● WHAT YOU SHOULD DO
Retype the records below exactly as they stand, omitting the pictures.

● PROVIDED DATA
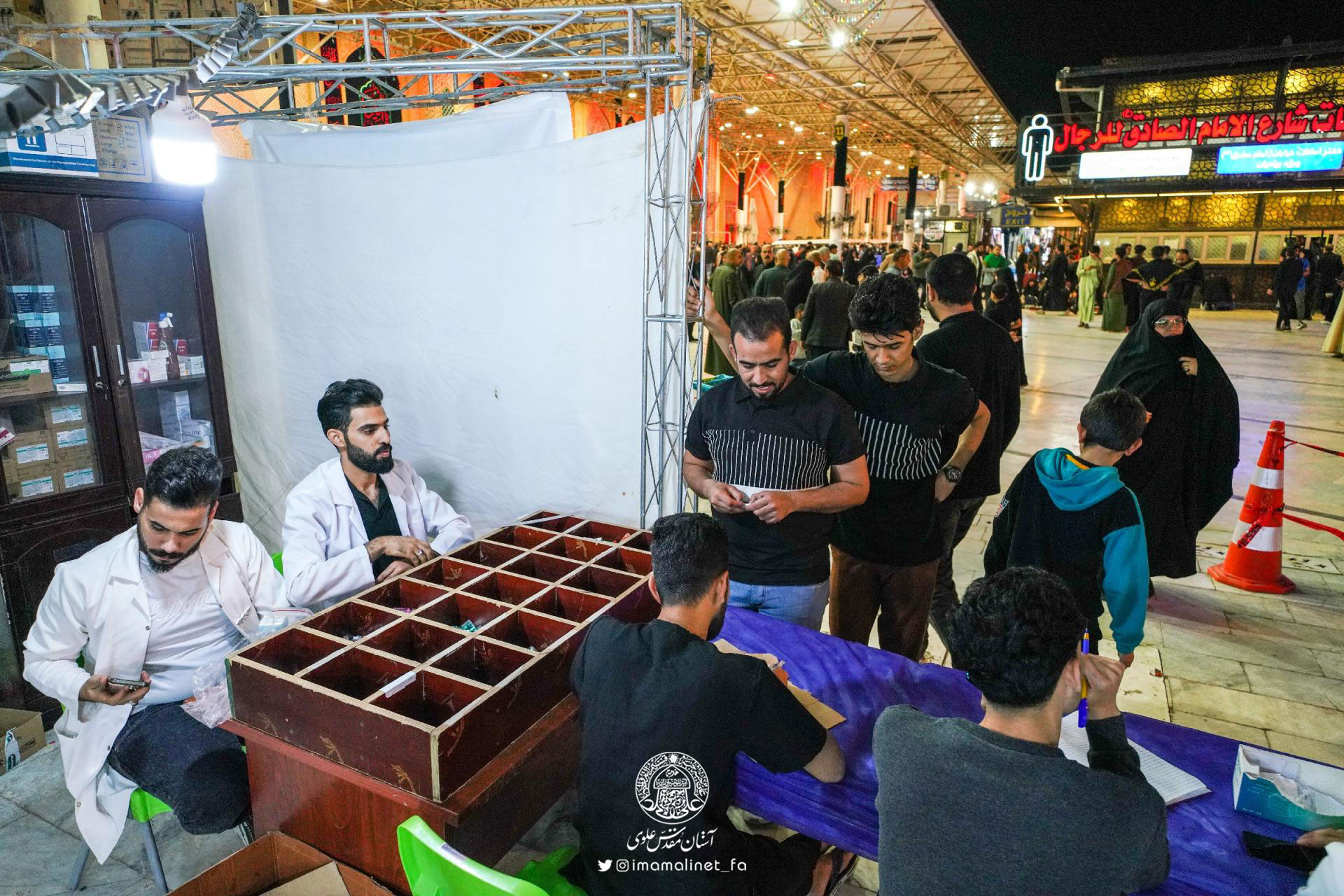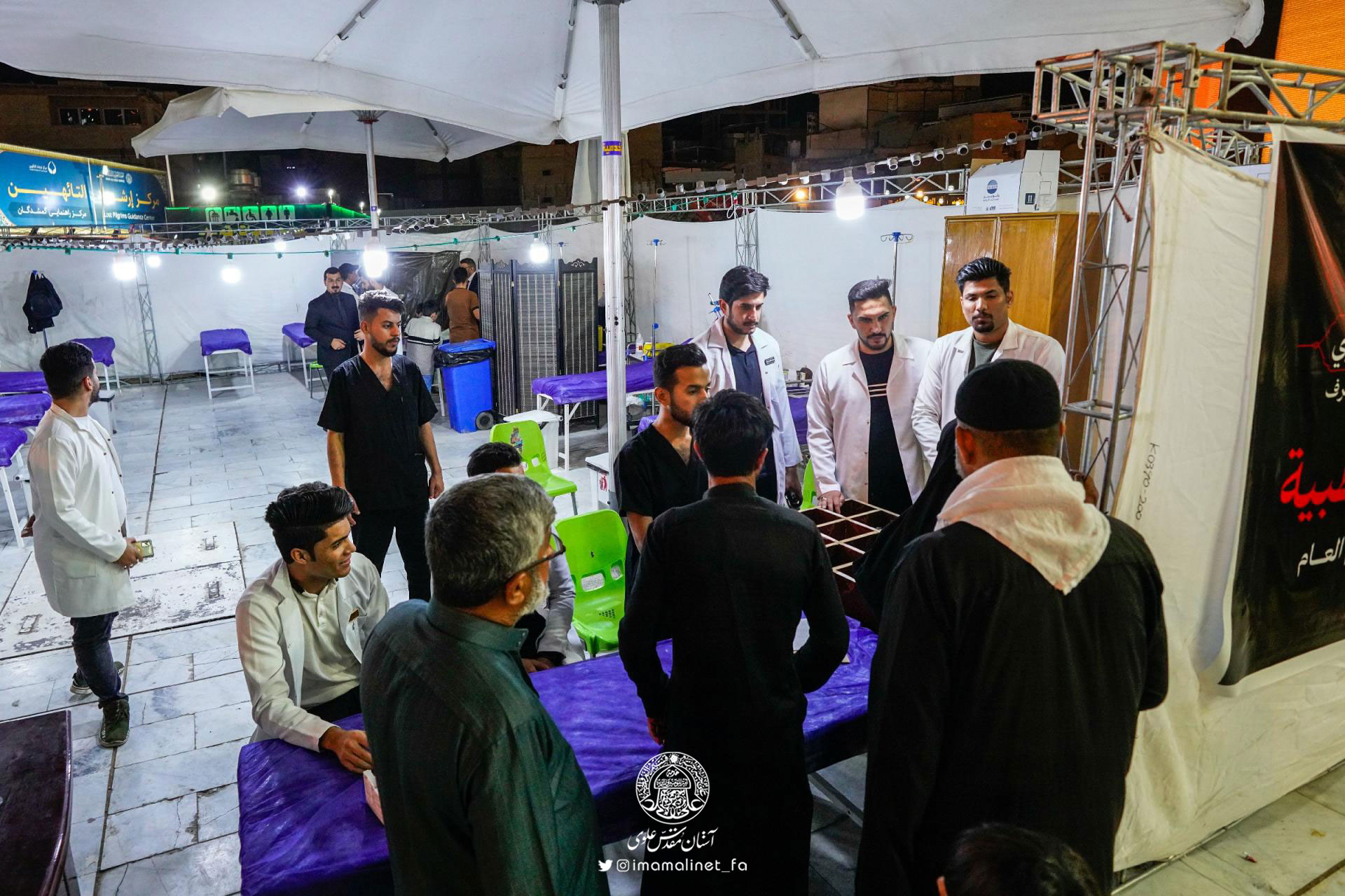 حدود ۵۰۰ نفر در بخش درمانی خدمت‌رسانی می‌کنند که شامل خادمان آستان مقدس علوی و کلیه کادرهای پرستاری، بهداشتی و خدماتی می‌شوند .این کادرهای پزشکی و درمانی در مراکز و تیم‌های مختلف پزشکی حضور خواهند یافت و هر تیم کاری طبق برنامه‌ای که با هماهنگی تولیت آستان علوی، وزارت بهداشت و مرکز بهداشت نجف تهیه و تنظیم شده است، وظایف خود را انجام می‌دهد.
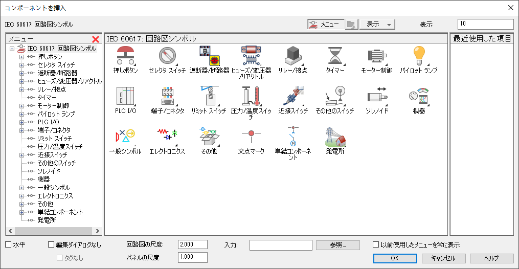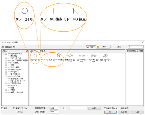 アイコン メニューでは、NO 押しボタンや 3 ポジション セレクタ スイッチなど、シンボル タイプを選択して、シンボルを挿入できます。シンボルを挿入すると、説明やカタログ情報などの注釈をシンボルに付けることができます。
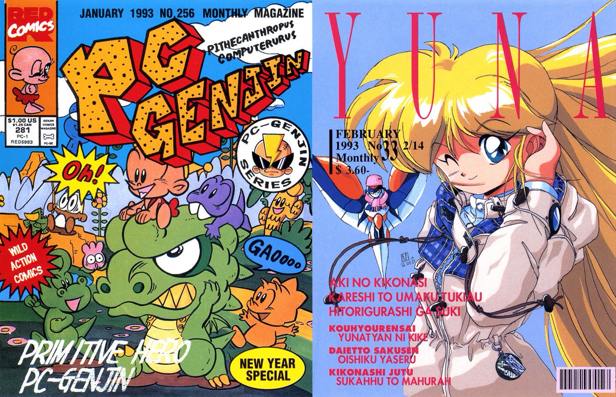 Calendar parodying well-known magazines (Nightmare = Fangoria, Yuna = Elle, BonksWeek = Newsweek, PC-Denjin = X-Men, Power Game = Nintendo Power, etc.)... 1/2 Via @GamingAlexandri archive.org/details/gekkan…
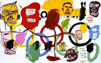 Olympics is a painting created by American artists Jean-Michel Basquiat and Andy Warhol in 1984. The artwork was a commemoration of the 1984 Summer Olympics. It sold for $10.5 million at Phillips's Contemporary Art Evening Sale in June 2012, which at the time was a record high for a Warhol-Basquiat collaboration.[1][2] It is the second most expensive Warhol-Basquiat collaboration sold at auction after Zenith (1985).[3]
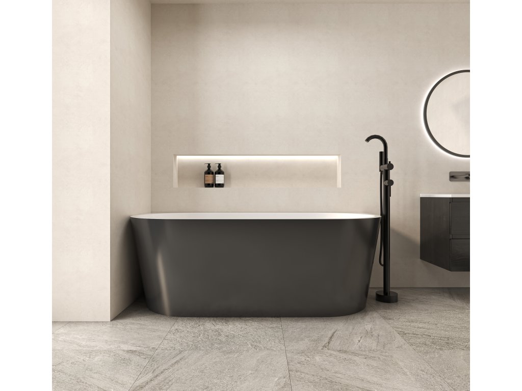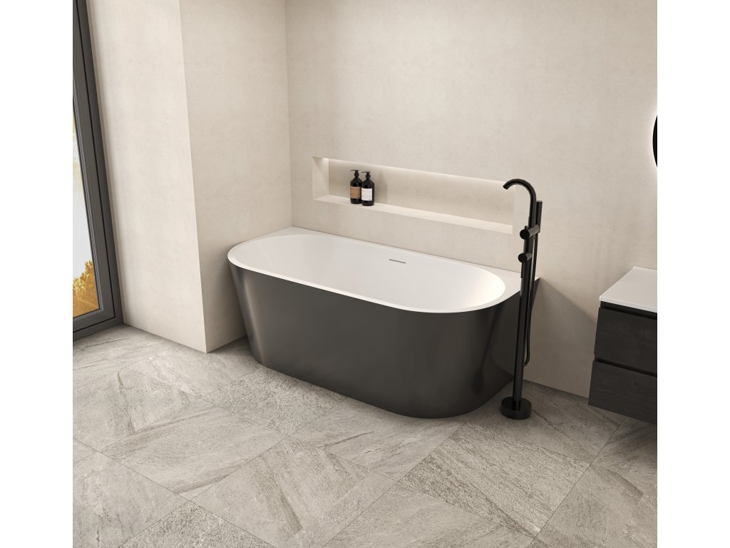 CERANO - Voľne stojaca akrylátová vaňa Grazia - čierna matná/biela lesklá - 150x70 cm
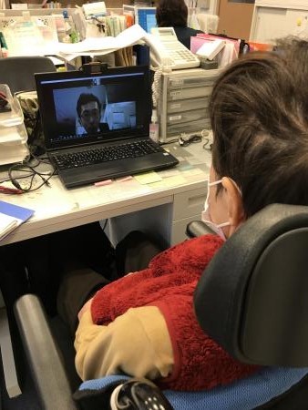 以前、アルファリビング福山多治米で働かれていたスタッフで倉敷に数年前に異動になり会えなくなった入居者様の為にZOOM面会をしていただきました。
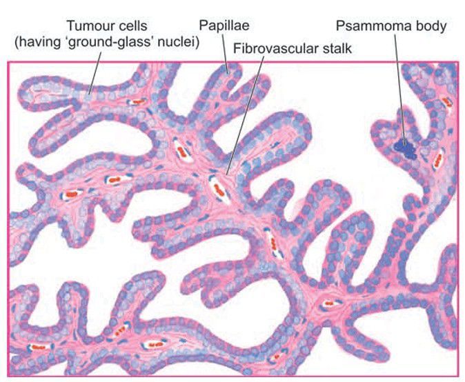 . Microscopy shows branching papillae having flbrovascular stalk covered by a single layer of cuboidal cells having ground-glass nuclei. Colloid-filled follicles and solid sheets of tumour cells are also present.

● RESULT
 حدود ۵۰۰ نفر در بخش درمانی خدمت‌رسانی می‌کنند که شامل خادمان آستان مقدس علوی و کلیه کادرهای پرستاری، بهداشتی و خدماتی می‌شوند .این کادرهای پزشکی و درمانی در مراکز و تیم‌های مختلف پزشکی حضور خواهند یافت و هر تیم کاری طبق برنامه‌ای که با هماهنگی تولیت آستان علوی، وزارت بهداشت و مرکز بهداشت نجف تهیه و تنظیم شده است، وظایف خود را انجام می‌دهد.
 アイコン メニューでは、NO 押しボタンや 3 ポジション セレクタ スイッチなど、シンボル タイプを選択して、シンボルを挿入できます。シンボルを挿入すると、説明やカタログ情報などの注釈をシンボルに付けることができます。
 Calendar parodying well-known magazines (Nightmare = Fangoria, Yuna = Elle, BonksWeek = Newsweek, PC-Denjin = X-Men, Power Game = Nintendo Power, etc.)... 1/2 Via @GamingAlexandri archive.org/details/gekkan…
 Olympics is a painting created by American artists Jean-Michel Basquiat and Andy Warhol in 1984. The artwork was a commemoration of the 1984 Summer Olympics. It sold for $10.5 million at Phillips's Contemporary Art Evening Sale in June 2012, which at the time was a record high for a Warhol-Basquiat collaboration.[1][2] It is the second most expensive Warhol-Basquiat collaboration sold at auction after Zenith (1985).[3]
 CERANO - Voľne stojaca akrylátová vaňa Grazia - čierna matná/biela lesklá - 150x70 cm
 以前、アルファリビング福山多治米で働かれていたスタッフで倉敷に数年前に異動になり会えなくなった入居者様の為にZOOM面会をしていただきました。
 . Microscopy shows branching papillae having flbrovascular stalk covered by a single layer of cuboidal cells having ground-glass nuclei. Colloid-filled follicles and solid sheets of tumour cells are also present.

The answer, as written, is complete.